## Task to carry out
A single stretch of the material below is to be transcribed exactly, starting at the line with "记者注意到,靠近北门主干道,中式风格的新" and ending after the line with "特步女鞋休闲鞋2026新款春季轻便透气复古老爹鞋厚底网面运动鞋女".

## Data shown
= Beginning of Section =
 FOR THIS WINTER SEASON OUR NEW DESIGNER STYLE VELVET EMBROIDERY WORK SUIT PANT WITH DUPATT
= End of Section =
= Beginning of Section =
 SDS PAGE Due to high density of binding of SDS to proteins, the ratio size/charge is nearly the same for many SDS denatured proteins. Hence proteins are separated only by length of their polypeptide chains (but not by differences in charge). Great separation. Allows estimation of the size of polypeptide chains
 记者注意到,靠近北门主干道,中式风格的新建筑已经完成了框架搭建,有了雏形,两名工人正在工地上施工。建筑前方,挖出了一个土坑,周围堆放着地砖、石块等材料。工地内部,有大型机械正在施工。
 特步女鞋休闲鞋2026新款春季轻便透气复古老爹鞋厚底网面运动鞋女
= End of Section =
= Beginning of Section =
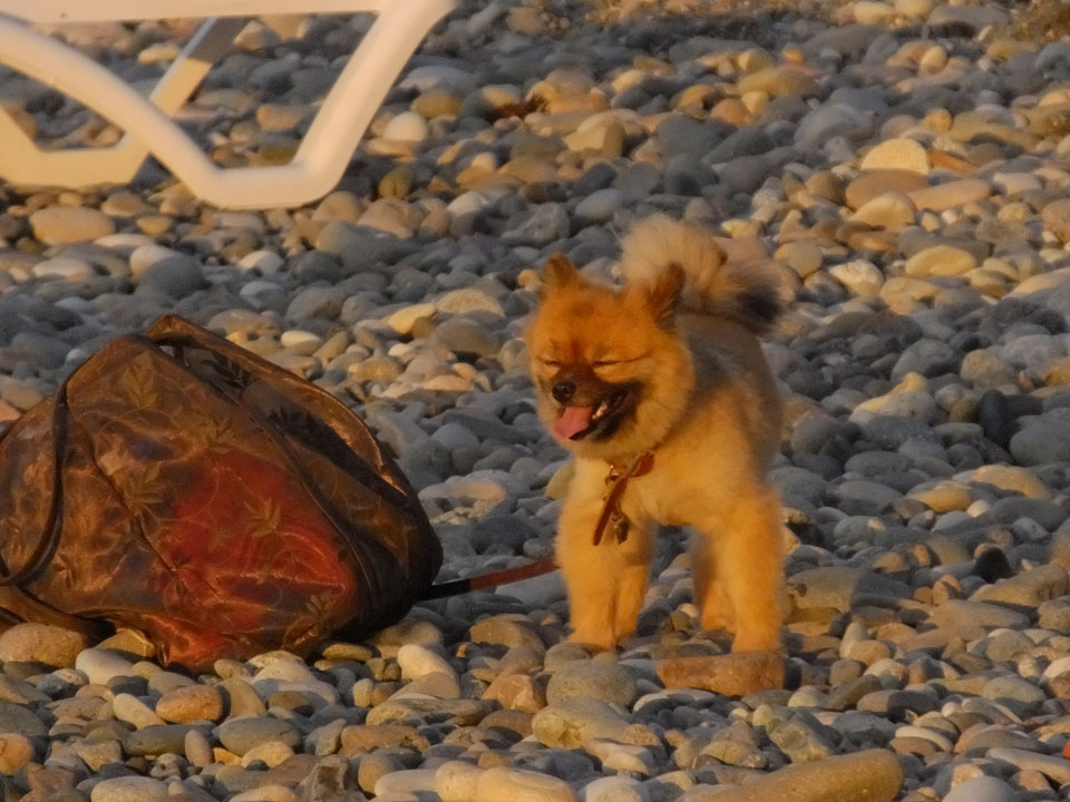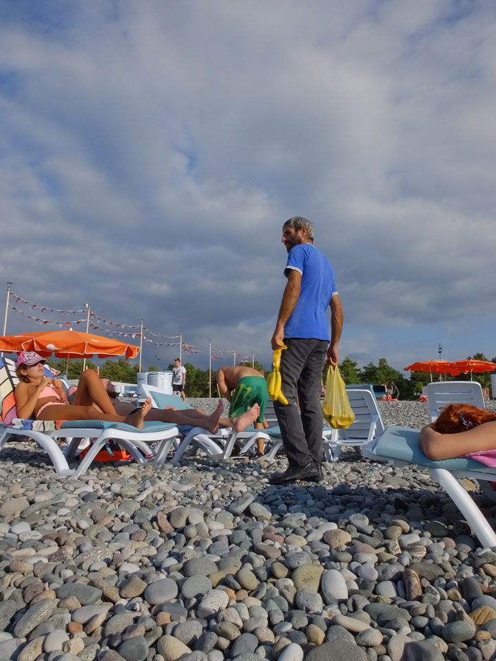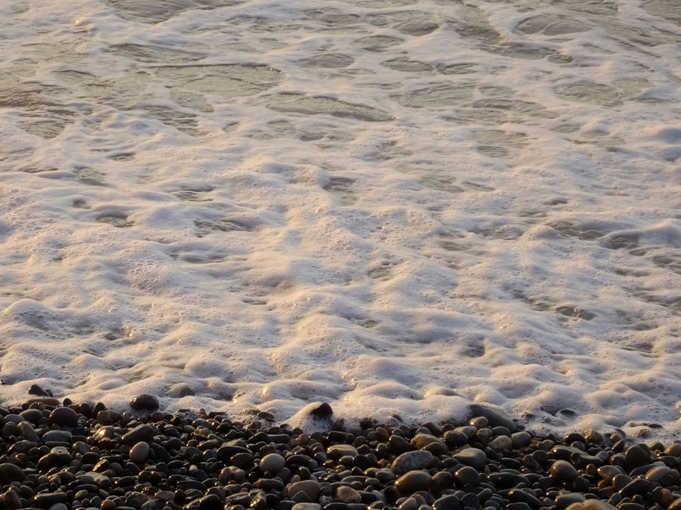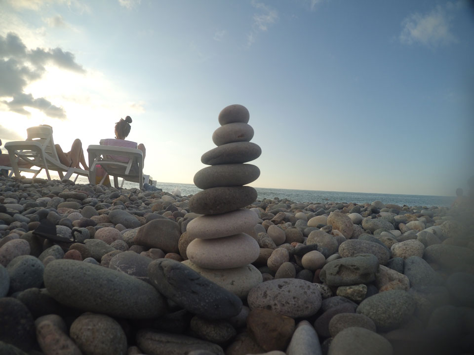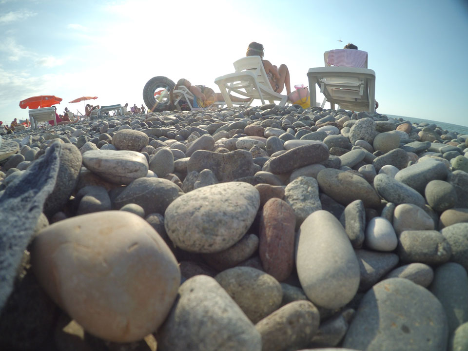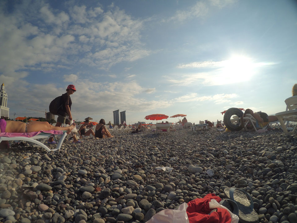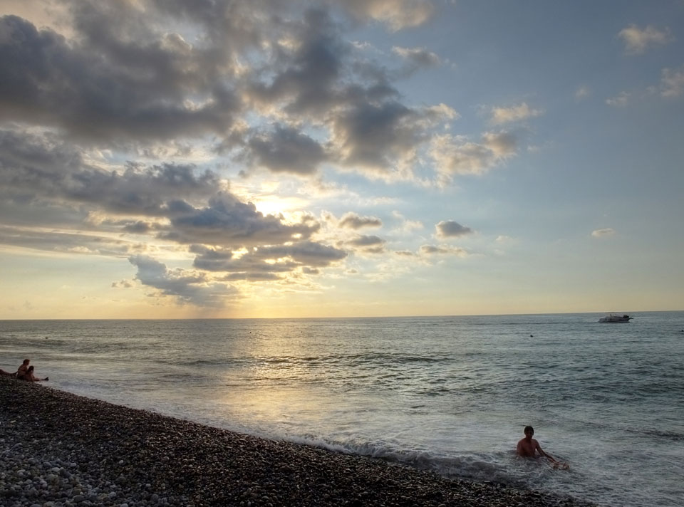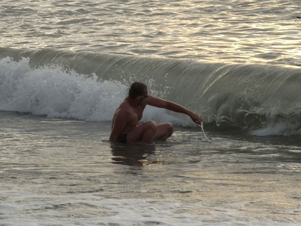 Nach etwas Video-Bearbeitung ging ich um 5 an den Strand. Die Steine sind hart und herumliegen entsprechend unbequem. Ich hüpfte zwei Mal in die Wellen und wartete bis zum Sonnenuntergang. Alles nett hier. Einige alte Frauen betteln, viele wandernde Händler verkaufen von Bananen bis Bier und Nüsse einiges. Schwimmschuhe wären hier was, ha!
= End of Section =
## Solution to this task
 记者注意到,靠近北门主干道,中式风格的新建筑已经完成了框架搭建,有了雏形,两名工人正在工地上施工。建筑前方,挖出了一个土坑,周围堆放着地砖、石块等材料。工地内部,有大型机械正在施工。
 特步女鞋休闲鞋2026新款春季轻便透气复古老爹鞋厚底网面运动鞋女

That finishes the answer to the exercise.